Again, by all accounts, Christopher Alexander played a seminal role in this process (together with the great urban scholar Jane Jacobs) with his seminal paper “A City is Not a Tree” (1965). By virtue of incredible serendipity, I happened to get interested in urban structure just as remarkable investigators like Michael Batty, Paul Drewe, Pierre Frankhauser, and Bill Hillier were already working out models of a city that try to understand (instead of stubbornly ignoring) its complexity. New Urbanists Léon Krier and Andrés Duany made impressive advances (sometimes criticized for uneven results, but remarkably effective nonetheless) in implementing the ideas of human-scale neighborhoods, in a world that had all but forgotten urbanism. At the same time, we saw a convergence of scientific results such as small-world networks, inverse power-law scaling, and fractal structure coming out in the literature. These could be used to explain how cities can be alive in a mathematical sense.

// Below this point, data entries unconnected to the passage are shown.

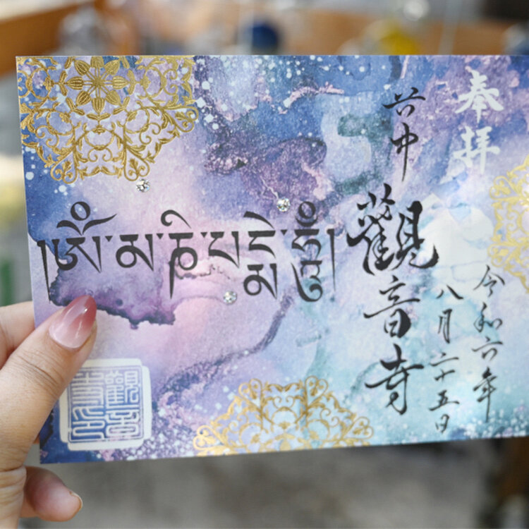 御朱印の背景にキラキラと輝く仏具が描かれていて、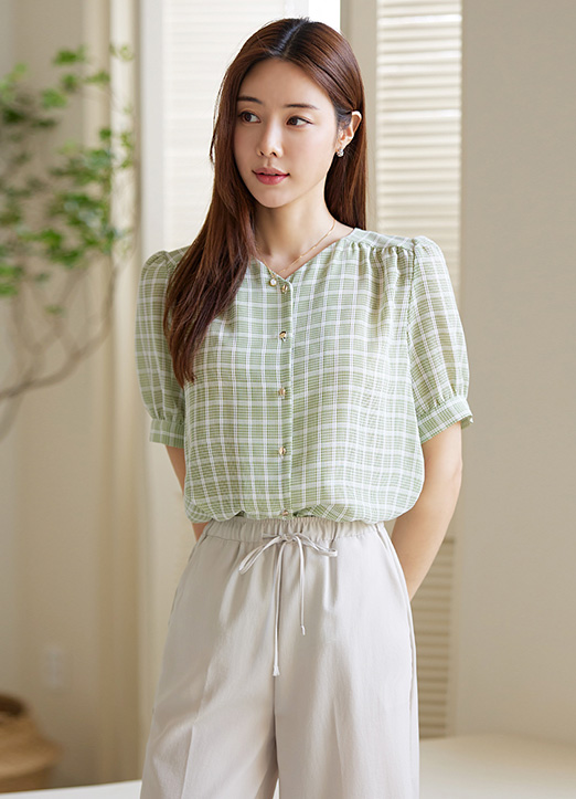 [Louis Angel] Ⅴネックシャーリングシアーチェックブラウス bl26327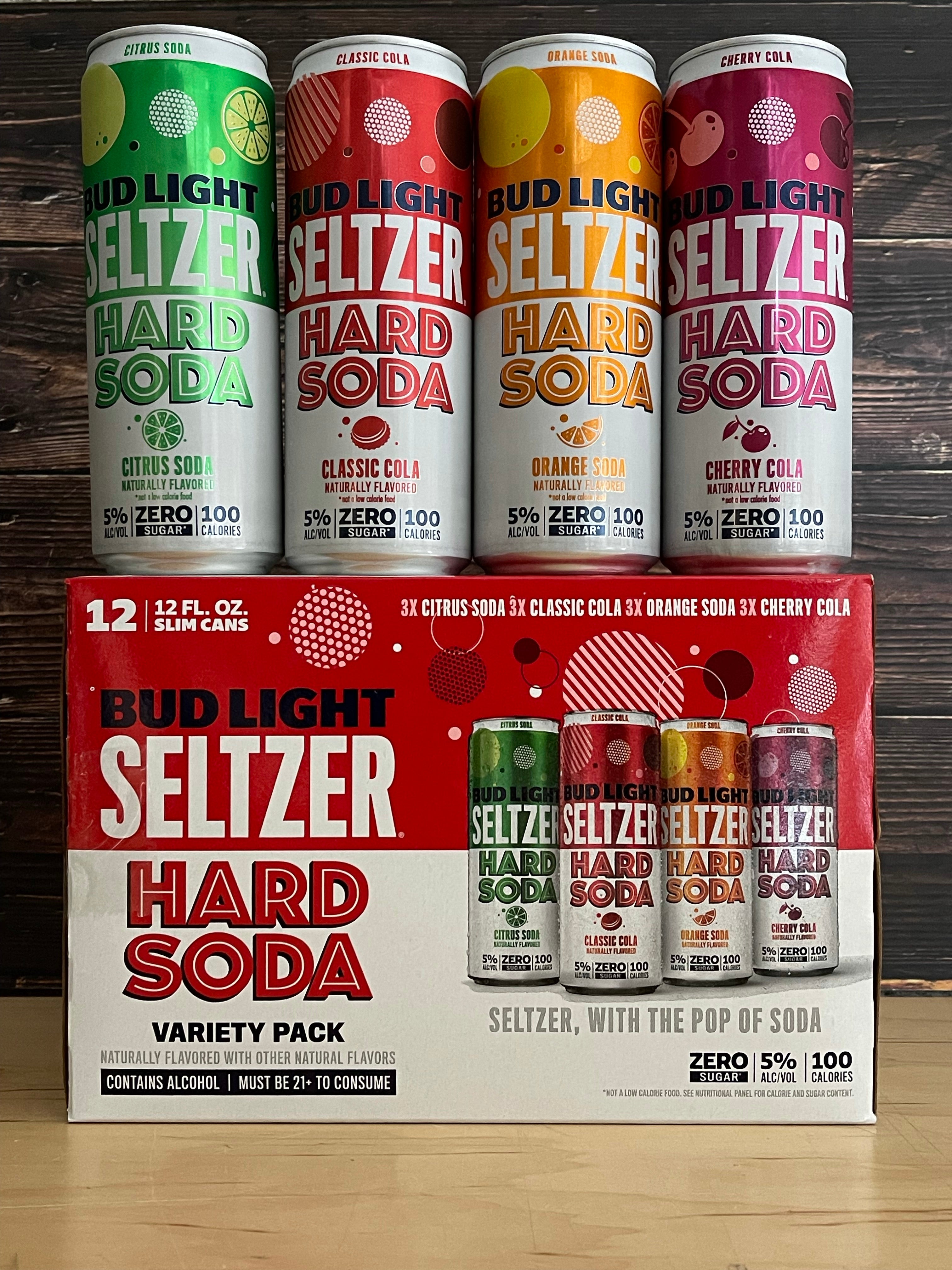 Bud Light Seltzer Hard Soda Variety Pack (12PK) (2022 Limited Release) Bud Light Seltzer Hard Soda Variety Pack W/ Citrus Soda, Classic Cola, Orange Soda, & Cherry Cola.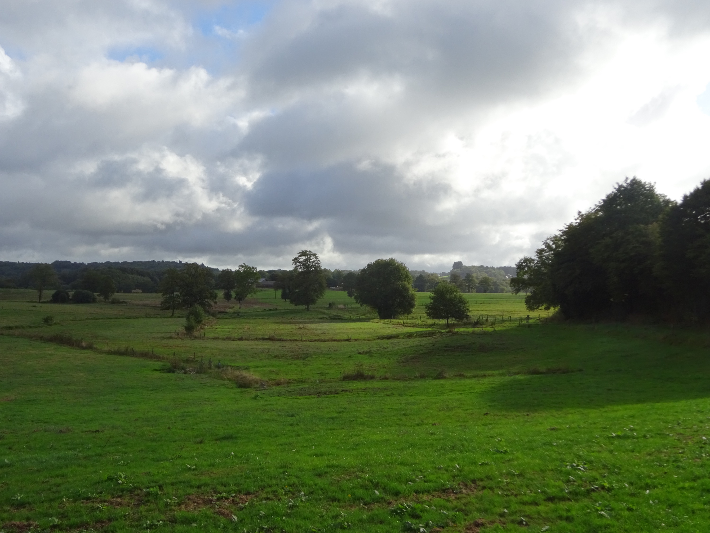 We vertrekken met regen. Even later is het weer droog. Het gaat de hele dag op en neer; donkere dreigende luchten afgewisseld met felle zonneschijn. Gelukkig zijn de buien telkens maar kort, en drogen we door zon en wind tussendoor steeds weer op.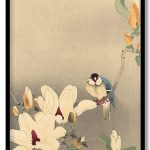 Blue Bird and Magnolia by Ohara Koson (Date Unknown) - Wall Art - Choose Size & Frames, Non Toxic Home Decor - BestOfBharat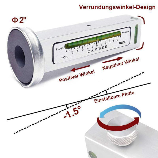 Der Pegel mit magnetischer Ausrichtung misst den Sturz- und Nachlaufwinkel an der Radnabe oder der Bremsscheibe. Es ermöglicht die Einstellung, um die korrekte Achsvermessung aufrechtzuerhalten und zu verhindern, dass Ihr Reifen vorzeitig abgenutzt wird. Es ist ein nützliches Werkzeug, um die korrekten Sturzeinstellungen nach dem Zerlegen und Zusammenbauen der Federung beizubehalten.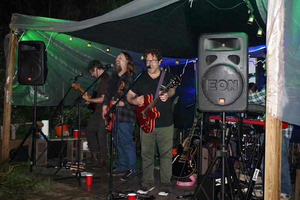 Having a nice evening out watching a buddy's band, while drinking a few drinks.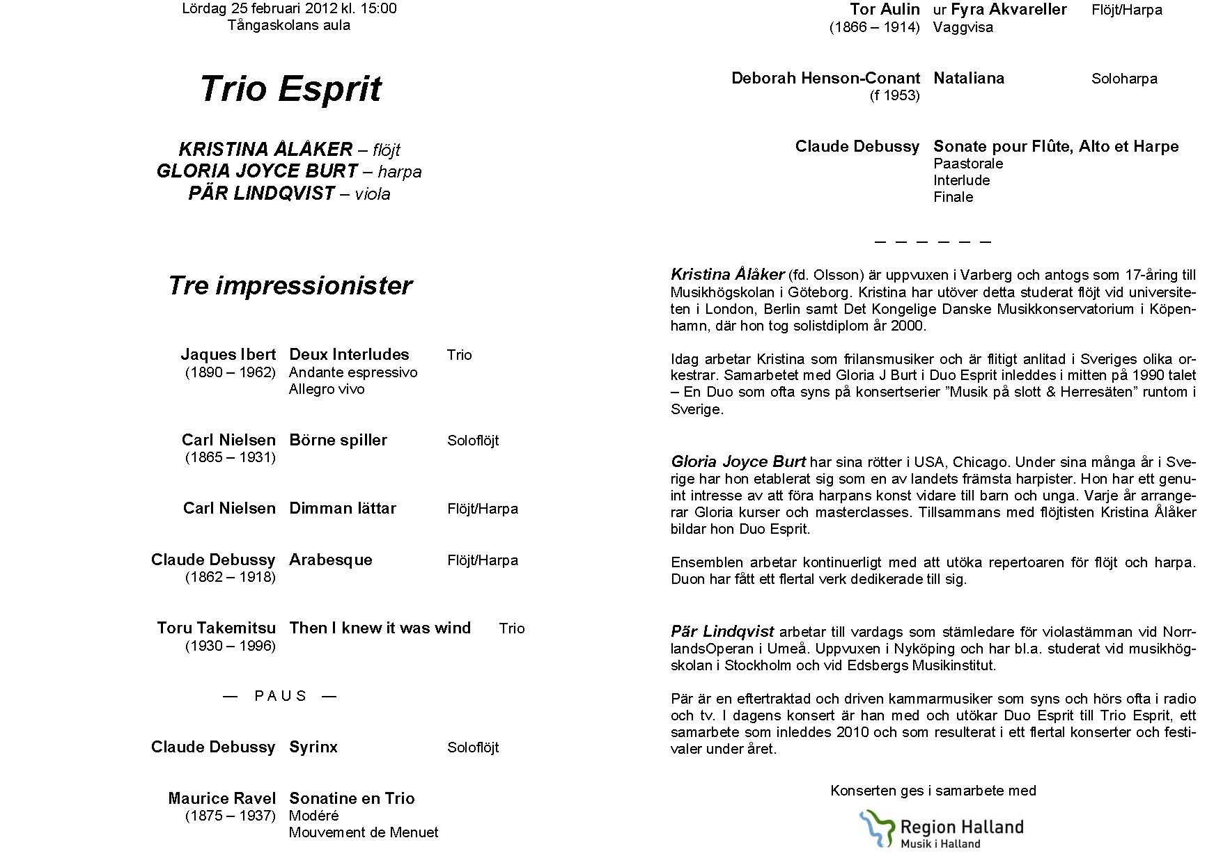 Trio Esprit Lördag 25 febr 2012 Tångaskolans aula Program |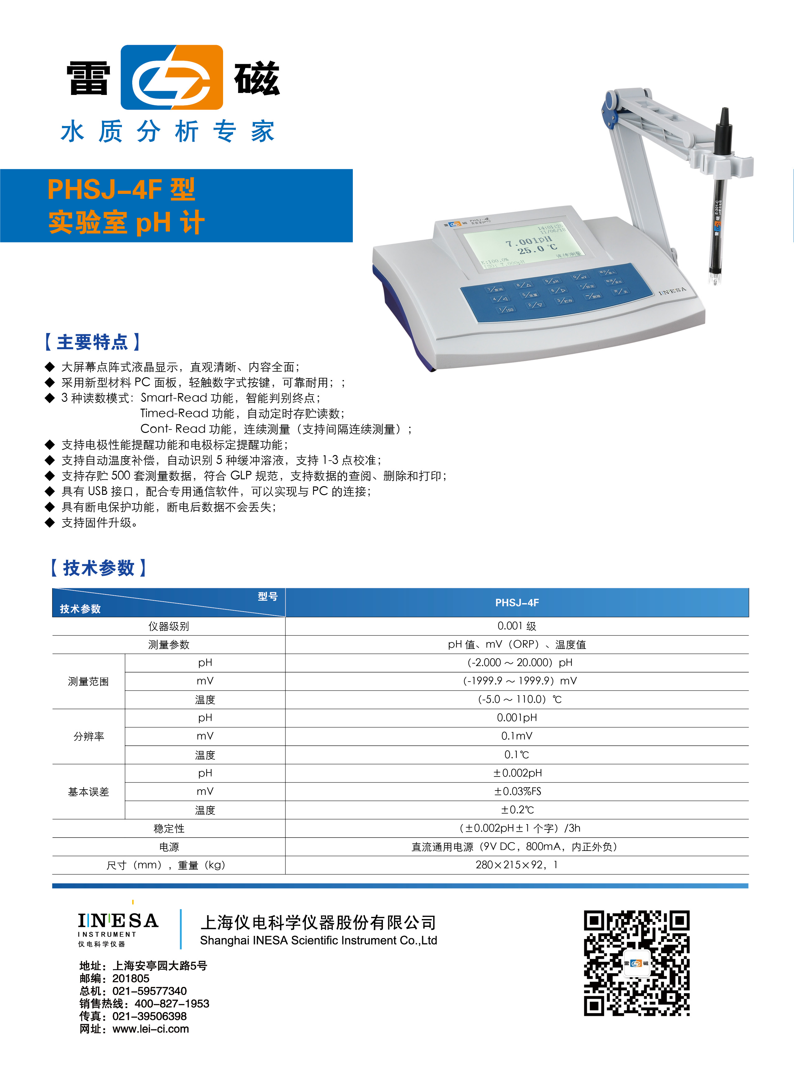 上海雷磁 實驗室PH計 PHSJ-4F

Most recently, a broad group of these investigators has come together to conduct research and exchange ideas. The “Environmental Structure Research Group” includes urban scholars, leading practitioners, scientists such as myself, and others from a wide range of disciplines: biology, computer science, ecology, economics, medicine, and sociology. Even this group, diverse as it is, is but a smaller representation of an even broader shift beginning to take place.

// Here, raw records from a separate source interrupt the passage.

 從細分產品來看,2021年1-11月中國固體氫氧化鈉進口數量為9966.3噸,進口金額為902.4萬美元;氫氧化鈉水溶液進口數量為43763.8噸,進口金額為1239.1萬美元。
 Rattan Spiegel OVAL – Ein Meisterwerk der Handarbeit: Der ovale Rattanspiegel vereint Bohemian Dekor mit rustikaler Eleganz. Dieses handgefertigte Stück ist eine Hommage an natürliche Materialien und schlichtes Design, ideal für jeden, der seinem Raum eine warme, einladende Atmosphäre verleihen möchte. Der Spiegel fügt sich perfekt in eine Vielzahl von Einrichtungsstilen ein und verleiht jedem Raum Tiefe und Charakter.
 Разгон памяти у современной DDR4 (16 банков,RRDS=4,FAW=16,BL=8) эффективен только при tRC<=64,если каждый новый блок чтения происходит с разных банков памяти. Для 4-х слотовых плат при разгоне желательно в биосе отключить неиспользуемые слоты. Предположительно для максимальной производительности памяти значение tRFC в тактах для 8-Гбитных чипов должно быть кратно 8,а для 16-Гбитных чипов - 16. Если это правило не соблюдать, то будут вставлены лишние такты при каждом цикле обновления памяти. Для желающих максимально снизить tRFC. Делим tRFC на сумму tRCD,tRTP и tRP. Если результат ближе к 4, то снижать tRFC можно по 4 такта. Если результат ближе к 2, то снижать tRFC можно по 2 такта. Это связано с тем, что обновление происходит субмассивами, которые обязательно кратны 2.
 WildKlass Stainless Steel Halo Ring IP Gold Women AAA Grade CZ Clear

I am proud to belong to this broad group of innovative thinkers, and also excited to live in this time when the foundations of our conception of architecture and the built environment are shifting in a more positive direction. I agree with Christopher Alexander that this represents a drastic and revolutionary reversal of our view of the world. My own recent efforts have been directed towards educating the public to the possibility of such a change: and actually arguing forcefully for its implementation in our lifetimes.

BIBLIOGRAPHY

  • Alexander, C. (1964). Notes on the Synthesis of Form, Harvard University Press, Cambridge, Massachusetts.
  • Alexander, C. (1965). “A City is Not a Tree”, available here
  • Alexander, C., Ishikawa, S., Silverstein, M., Jacobson, M., Fiksdahl-King I. & Angel S. (1977). A Pattern Language, Oxford University Press, New York.
  • Alexander, C. (2002-2005). The Nature of Order, Books 1-4, Center for Environmental Structure, Berkeley, California.
  • Jacobs, J. (1961). The Death and Life of Great American Cities, Vintage Books, New York.